### Task statement:
Word for word, restate the lines of the listing below from the line with "프레스 플라워 아트는" through the line with "Diamantové malování Tygr", and do not include the pictures.

### Provided records:
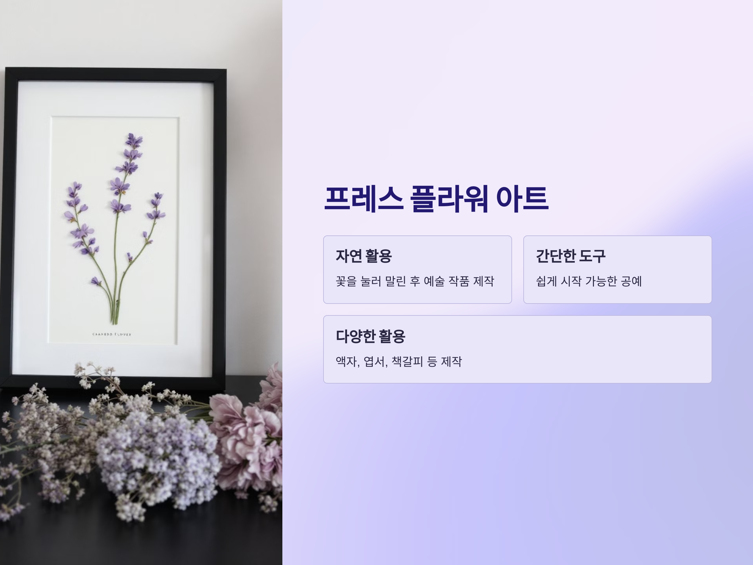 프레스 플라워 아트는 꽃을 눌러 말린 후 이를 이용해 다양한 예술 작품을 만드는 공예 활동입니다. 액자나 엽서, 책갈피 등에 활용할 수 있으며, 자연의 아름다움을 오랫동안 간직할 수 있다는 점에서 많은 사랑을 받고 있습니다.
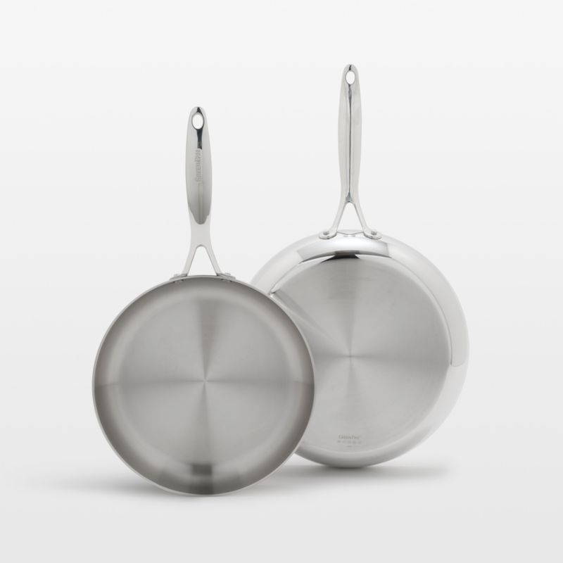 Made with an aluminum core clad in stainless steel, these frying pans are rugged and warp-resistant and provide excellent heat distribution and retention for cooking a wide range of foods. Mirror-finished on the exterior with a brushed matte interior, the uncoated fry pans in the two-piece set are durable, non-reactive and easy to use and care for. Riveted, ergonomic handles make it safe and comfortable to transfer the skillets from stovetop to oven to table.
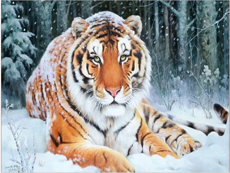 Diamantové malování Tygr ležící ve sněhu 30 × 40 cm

* * *

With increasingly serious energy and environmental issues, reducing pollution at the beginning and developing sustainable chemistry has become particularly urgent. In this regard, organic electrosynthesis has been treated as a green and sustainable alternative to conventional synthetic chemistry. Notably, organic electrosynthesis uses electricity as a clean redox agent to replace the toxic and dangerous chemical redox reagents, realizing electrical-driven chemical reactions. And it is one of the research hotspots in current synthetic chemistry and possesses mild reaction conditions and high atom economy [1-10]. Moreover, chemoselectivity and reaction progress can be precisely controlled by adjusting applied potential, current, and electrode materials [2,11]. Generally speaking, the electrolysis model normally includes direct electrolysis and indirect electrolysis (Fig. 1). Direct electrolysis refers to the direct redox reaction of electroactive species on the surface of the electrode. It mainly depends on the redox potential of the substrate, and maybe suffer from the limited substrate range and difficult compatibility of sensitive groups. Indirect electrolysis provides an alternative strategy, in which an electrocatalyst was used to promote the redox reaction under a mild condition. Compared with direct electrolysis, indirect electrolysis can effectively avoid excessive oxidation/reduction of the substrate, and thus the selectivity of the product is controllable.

### Result of this exercise:
 프레스 플라워 아트는 꽃을 눌러 말린 후 이를 이용해 다양한 예술 작품을 만드는 공예 활동입니다. 액자나 엽서, 책갈피 등에 활용할 수 있으며, 자연의 아름다움을 오랫동안 간직할 수 있다는 점에서 많은 사랑을 받고 있습니다.
 Made with an aluminum core clad in stainless steel, these frying pans are rugged and warp-resistant and provide excellent heat distribution and retention for cooking a wide range of foods. Mirror-finished on the exterior with a brushed matte interior, the uncoated fry pans in the two-piece set are durable, non-reactive and easy to use and care for. Riveted, ergonomic handles make it safe and comfortable to transfer the skillets from stovetop to oven to table.
 Diamantové malování Tygr ležící ve sněhu 30 × 40 cm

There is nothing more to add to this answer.